Elements such as Na⁺, K⁺, Ca²⁺, Mg²⁺, and Cl^- exist in body fluids as completely ionized entities. At physiologic pH this can also be said of anions with pKa values of 4 or less, for example sulphate, lactate, and β-hydroxybutyrate. Stewart described all such compounds as 'strong ions'. In body fluids there is a surfeit of strong cations, quantified by SID. In other words, SID = [strong cations] - [strong anions]. Being a 'charge' space, SID is expressed in mEq/l. SID calculated from measured strong ion concentrations in normal plasma is 42 mEq/l.

Arterial PCO₂ (PaCO₂) is an equilibrium value determined by the balance between CO₂ production (15,000 mmol/day) and CO₂ elimination via the lungs. In areas where PCO₂ is less directly controlled by alveolar ventilation (e.g. venous blood and interstitial fluid during low flow states), the total CO₂ concentration (CO_2TOT) becomes the independent variable.

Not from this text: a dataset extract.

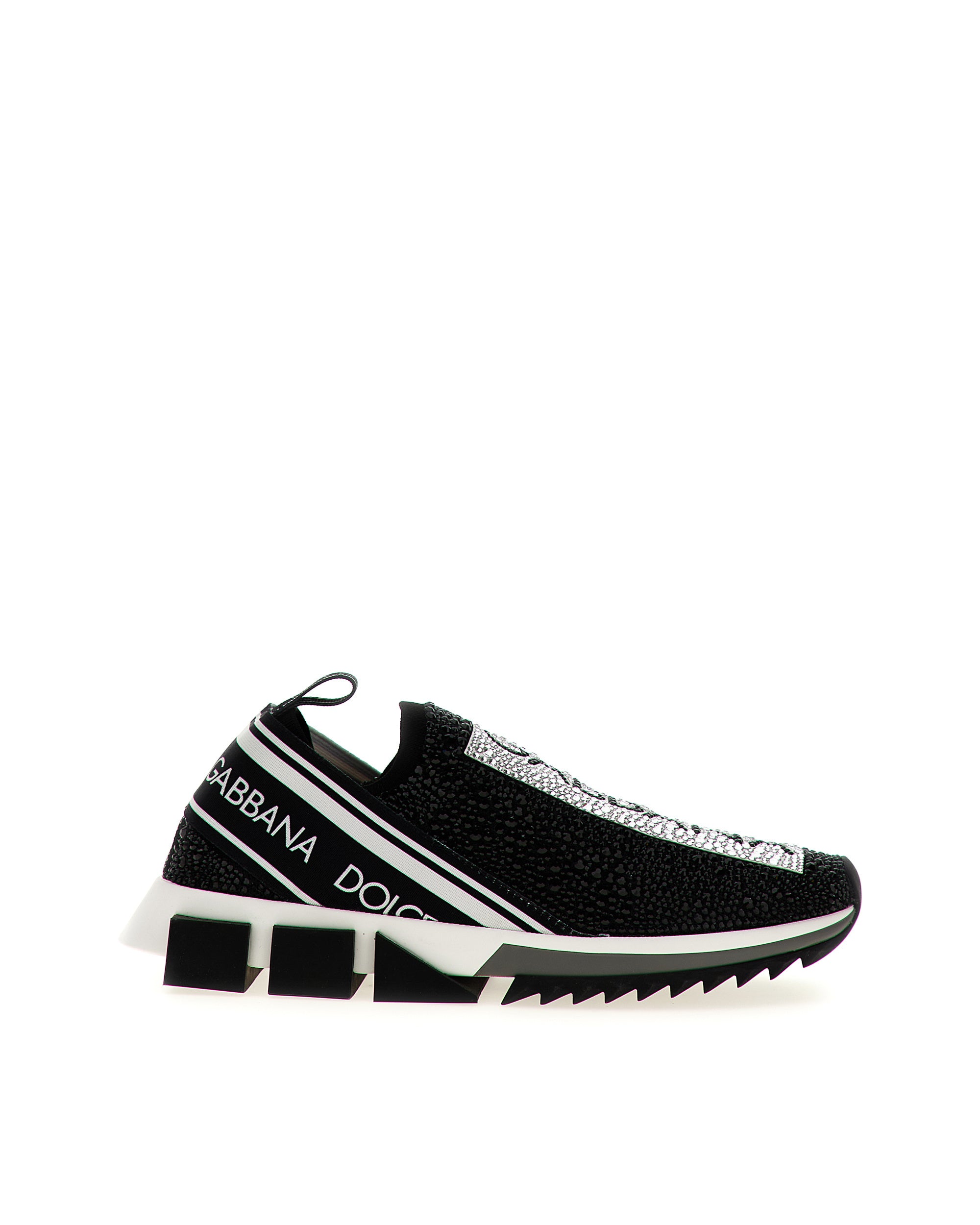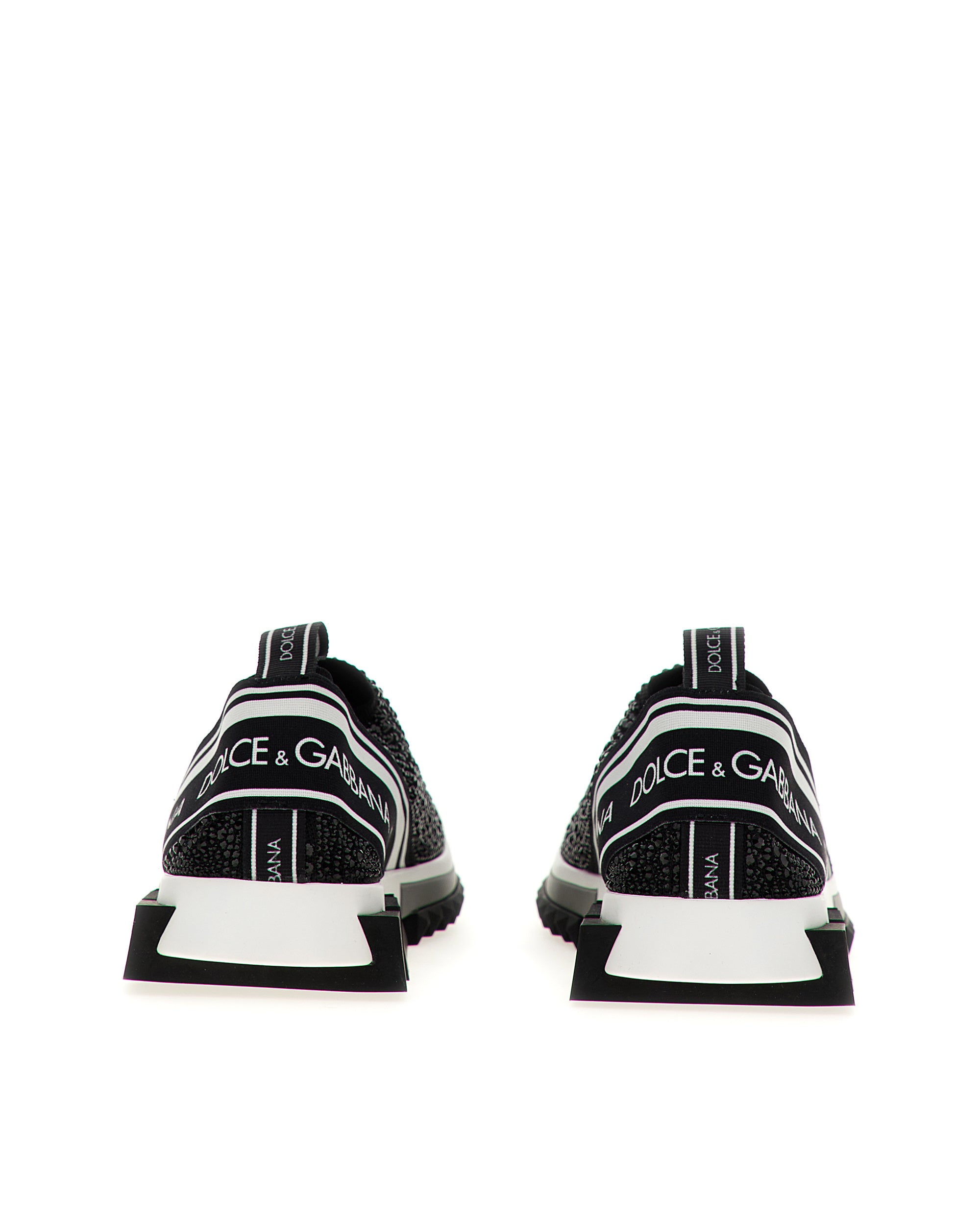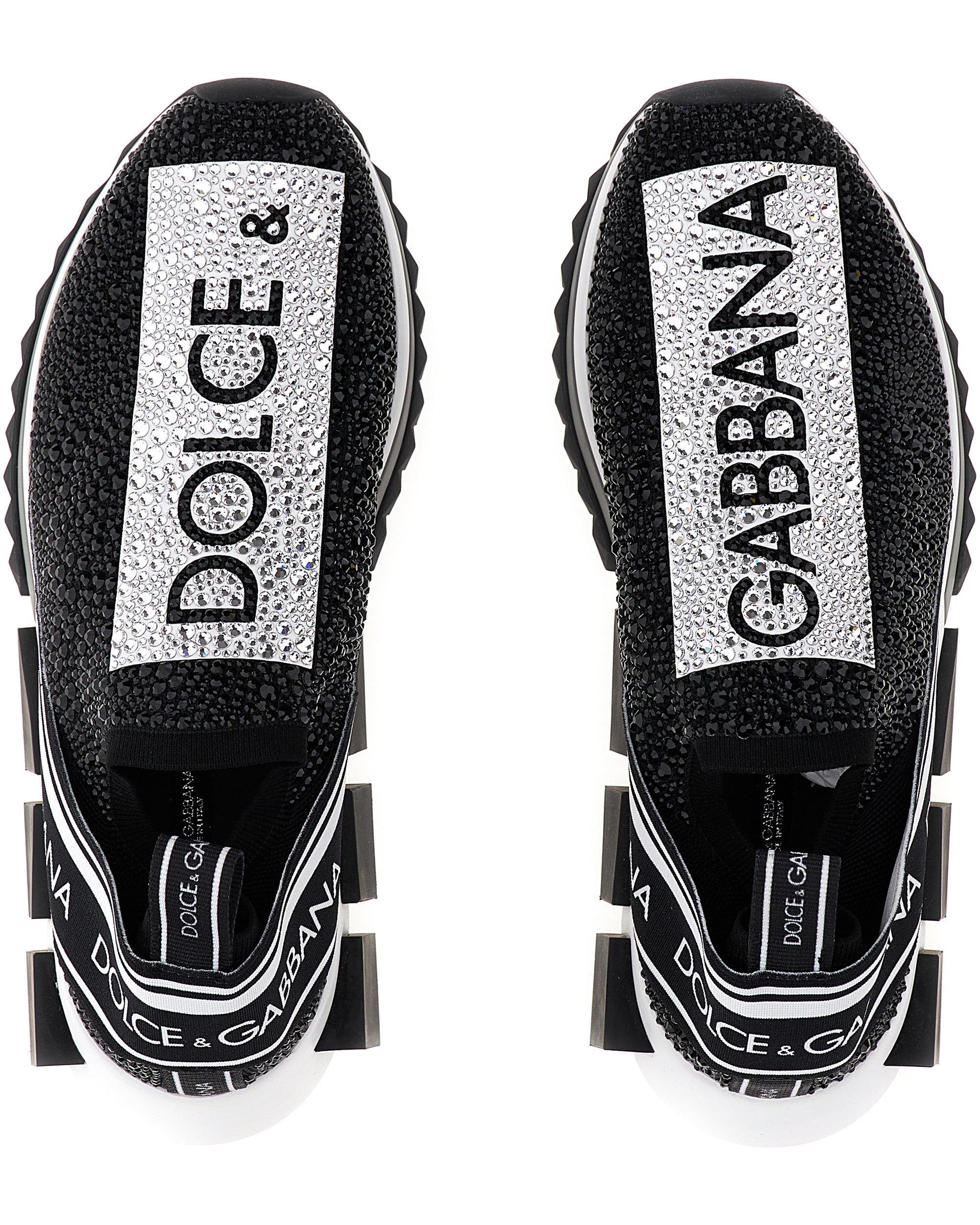 These iconic Sorrento slip-on sneakers in logotape-print stretch mesh with fusible crystals feature a sock shape and a geometric sole. In this version, the technique used to apply the crystals creates fine and unique sparkle. • Stretch mesh upper with a sock shape and fusible crystal embellishment • Branded, stretch tape on the back • Leather footbed with branded label • Two-tone rubber sole • Extra-light rubber bottom assembly • Item comes with themed packaging • Made in Italy • Small fit. we recommend choosing a larger size.

Body fluid compartments have varying concentrations of nonvolatile (i.e. non-CO₂) weak acids. In plasma these consist of albumin and inorganic phosphate. The same applies to interstitial fluid, although total concentrations here are very small. In red cells the predominant source is haemoglobin.

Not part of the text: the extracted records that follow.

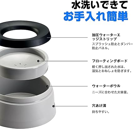 【飛び散り防止】:浮輪はカバーしていて、飲むときの飛び散り防止には最高!水は浮輪の中心部から湧き出すして、水を常に新鮮な状態に保つ仕組みがあります。飲み癖のあるペットに最適!
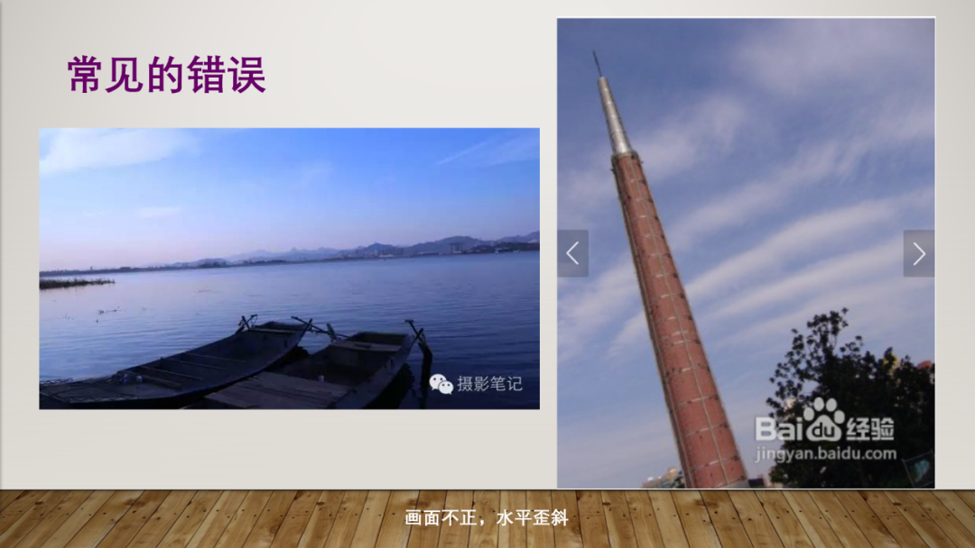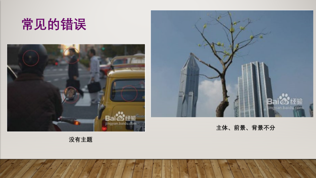 接下来学习了摄影中常见的错误,镜头运用不当,主体距离过近,比例失调,违背常识、背景混乱,无关物横生枝节,干扰主题、前景异物,遮挡主体、主体肢体不全、画面不正,水平歪斜,摇摇欲坠、局部曝光不足或过曝,细节丢失,信息不全、景深过小或过大,主题丢失或被淹没、聚焦不准,画面模糊,而这些错误都需要我们通过不断的练习去改正。
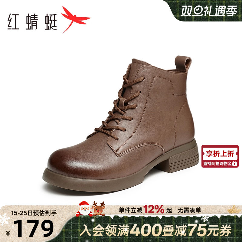 红蜻蜓马丁靴女款冬季新款女鞋厚底加绒保暖短靴中老年人妈妈棉鞋

Nonvolatile weak acids dissociate in body fluids as follows:

HA ↔ H⁺ + A^-

The group of ions summarized as A^- are weak anions (pKa approximately 6.8). Unlike strong ions, weak ions in body fluids vary their concentrations with pH by dissociation/association of their respective parent molecules. The total concentration of nonvolatile weak acid in any compartment is termed A_TOT, where A_TOT = [HA] + [A^-]. Although [A^-] varies with pH, A_TOT does not, and as such it is an independent variable.

The SID space is filled by weak ions, one of which is A^-. The only other quantitatively important weak ion is HCO₃ ^-, but there are also minute concentrations of CO₃ ^2-, OH^-, and H⁺. To preserve electrical neutrality, their net charge must always equal the SID.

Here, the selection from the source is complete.